Hier sind ein paar Punkte, die bei mir einen großen Unterschied gemacht haben:
- Wasche das Laken vor dem ersten Gebrauch immer einmal. Das entfernt nicht nur mögliche Produktionsrückstände, sondern lässt die Baumwollfasern auch leicht aufquellen, was den Stoff dichter und saugfähiger macht.
- Drehe das Laken zum Waschen auf links. Das schont die schöne Außenseite und beugt der Bildung von Pilling an der Oberfläche vor, da die Reibung an der Trommel auf der Innenseite stattfindet.
- Verzichte wenn möglich auf Weichspüler. Er legt sich wie ein Film um die Fasern, was ihre Saugfähigkeit mit der Zeit verringern kann. Bei Laken mit Elasthan kann er zudem das Material angreifen.
- Schließe vor dem Waschen Reiß- oder Klettverschlüsse anderer Wäschestücke in der Trommel. Diese können sich am feinen Gewebe des Lakens verhaken und winzige Löcher oder Fäden ziehen.
- Trockne das Laken am besten an der frischen Luft. Wenn du einen Trockner benutzt, wähle eine niedrige Temperaturstufe. Zu hohe Hitze strapaziert die Baumwollfasern und vor allem den Gummizug.
Unterm Strich ist ein Bettlaken in guter Qualität ne tolle Sache
Es mag fast ein wenig banal wirken, so viele Gedanken an ein einfaches Spannbettlaken zu verschwenden. Aber für mich ist es ein schönes Beispiel dafür, wie eine kleine, bewusste Entscheidung im Alltag einen spürbaren Unterschied machen kann. Es geht nicht darum, das teuerste Produkt zu kaufen, sondern das richtige. Eines, das sich gut anfühlt, seine Aufgabe zuverlässig erfüllt und nicht nach einem halben Jahr ersetzt werden muss. Diese Ruhe, die man empfindet, wenn man sich in ein frisch bezogenes Bett mit einem glatten, weichen Laken legt, ist ein kleiner Luxus. Einer, der den Aufwand bei der Suche nach guter Qualität allemal wert ist.

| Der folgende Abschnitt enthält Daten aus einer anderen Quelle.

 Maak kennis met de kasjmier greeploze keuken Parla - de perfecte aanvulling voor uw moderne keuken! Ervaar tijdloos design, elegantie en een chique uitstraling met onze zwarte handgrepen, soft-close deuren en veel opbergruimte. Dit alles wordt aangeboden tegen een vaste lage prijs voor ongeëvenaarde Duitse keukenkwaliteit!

FAQs zum Thema Spannbettlaken gute Qualität
Was bedeuten Siegel wie OEKO-TEX® oder GOTS auf der Verpackung?
Diese Siegel helfen dir, die Qualität und Nachhaltigkeit einzuschätzen. Das bekannte OEKO-TEX® STANDARD 100 Siegel garantiert, dass dein Spannbettlaken auf Schadstoffe geprüft und somit gesundheitlich unbedenklich ist. Das GOTS-Siegel (Global Organic Textile Standard) ist noch strenger: Es zertifiziert, dass die Baumwolle aus biologischem Anbau stammt und die gesamte Herstellung unter fairen und umweltfreundlichen Bedingungen stattfand.

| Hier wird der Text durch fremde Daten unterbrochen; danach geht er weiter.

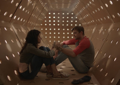 When Annie returns from her trip, she’s surprised when she finds the cardboard structure before her and no sign of Dave. But, soon after her arrival, Dave hears her moving about the living room, and he calls out to her from inside the maze. He explains his situation but cautions her not to enter it because of the inherent danger. He asks her to contact his best friend, Gordon (Adam Busch), to see if he can come up with ideas for how he might make his escape.
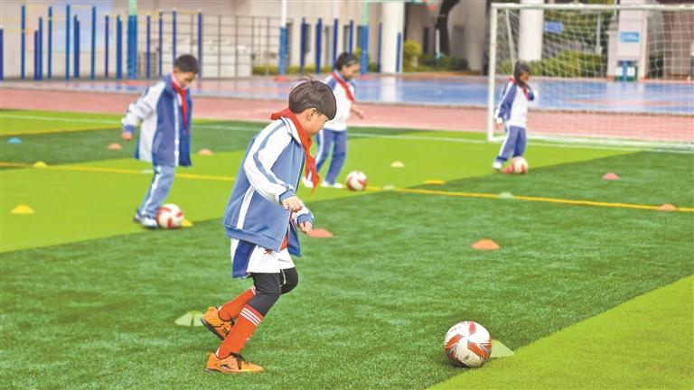 民治中学教育集团的孩子们在足球训练中。
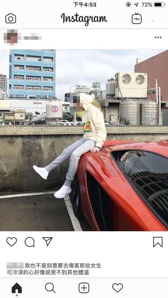 ▼根據原po所分享的照片,有網友找出了這名男孩的IG,只見他掰了一個帥氣的姿勢,還在下方寫道「我也不是刻意要去傷害那些女生,可冷漠的心好像感受不到其他體溫」。
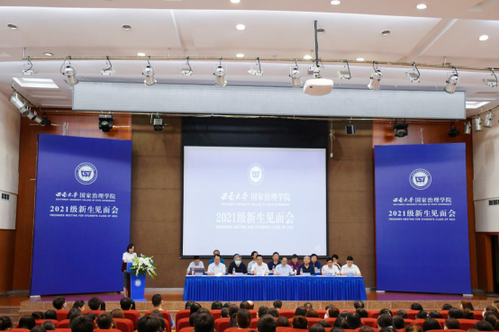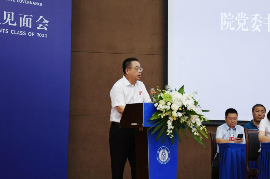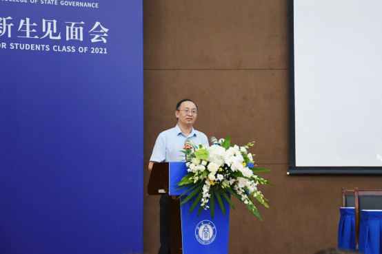 随后,院党委书记吴江教授讲话。他代表全院师生员工衷心地祝贺和欢迎全院324名新同学。吴江书记指出,今年,是中国共产党建党100周年,也是“十四五”规划开局之年,我们开启了全面建设社会主义现代化国家的新征程,向着第二个百年奋斗目标迈进。在这个重要的历史节点,学院全体新同学的青春时光恰好与国家的第二个百年梦想编织在一起,与学校“双一流”建设之梦,与学院的新文科交叉融合奋进之梦汇聚在一起。对此,他向同学们提出三点期望:一是心有所信,肩负“国家”使命。心中有信仰,就是要坚定对马克思主义的信仰,对中国特色社会主义的信念。肩上有担当,就是要肩负起中华民族伟大复兴的光荣使命,努力学习,积极探索,勇做走在时代前列的劳动者、奋斗者、奉献者,成长为中国的“脊梁”。二是潜心学习,锤炼“治理”本领。“不积跬步无以至千里,不积小流无以成江海”。只有坚持潜心学习、善于思考,专于研究,才能练就发现问题、探索问题、解决问题的能力,成为堪当国家重任的复合型人才,为实现家国理想奠定坚实基础。三是躬耕实践,涵养“人民”情怀。作为一名国治人,我们定要要胸怀“国之大者”,从高处着眼,从小处着手,到农村、到乡镇、到社区,积极参加社会实践,用行动助力乡村振兴和城乡融合发展,在实践中不断涵养“人民”情怀。

Ich schwitze nachts leicht. Gibt es neben Baumwolle noch andere Stoffe, die für mich geeignet sind?
Auf jeden Fall! Halte Ausschau nach Spannbettlaken aus Tencel™ (auch Lyocell genannt). Diese Faser wird aus Eukalyptusholz gewonnen und ist ein wahrer Feuchtigkeitsmanager. Sie kann deutlich mehr Feuchtigkeit aufnehmen als Baumwolle und gibt sie schnell wieder an die Umgebung ab. Das sorgt für ein angenehm trockenes und kühles Schlafklima, ideal wenn du zum Schwitzen neigst.

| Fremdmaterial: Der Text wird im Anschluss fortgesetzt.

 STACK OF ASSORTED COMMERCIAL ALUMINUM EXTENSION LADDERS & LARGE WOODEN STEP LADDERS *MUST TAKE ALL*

Was bedeutet es, wenn ein Spannbettlaken als „bügelfrei“ oder „bügelarm“ bezeichnet wird?
Diese Eigenschaft hängt direkt mit der Faser und der Verarbeitung zusammen. Jersey-Stoffe sind von Natur aus dehnbar und elastisch, weshalb sie sich nach dem Waschen und Trocknen meist von selbst glatt ziehen. Bei gewebten Stoffen wie Satin oder Perkal wird die Bügelfreiheit oft durch eine spezielle Veredelung erreicht, die die Fasern glättet und sie knitterärmer macht. Du sparst dir also Arbeit und dein Bett sieht trotzdem immer ordentlich aus.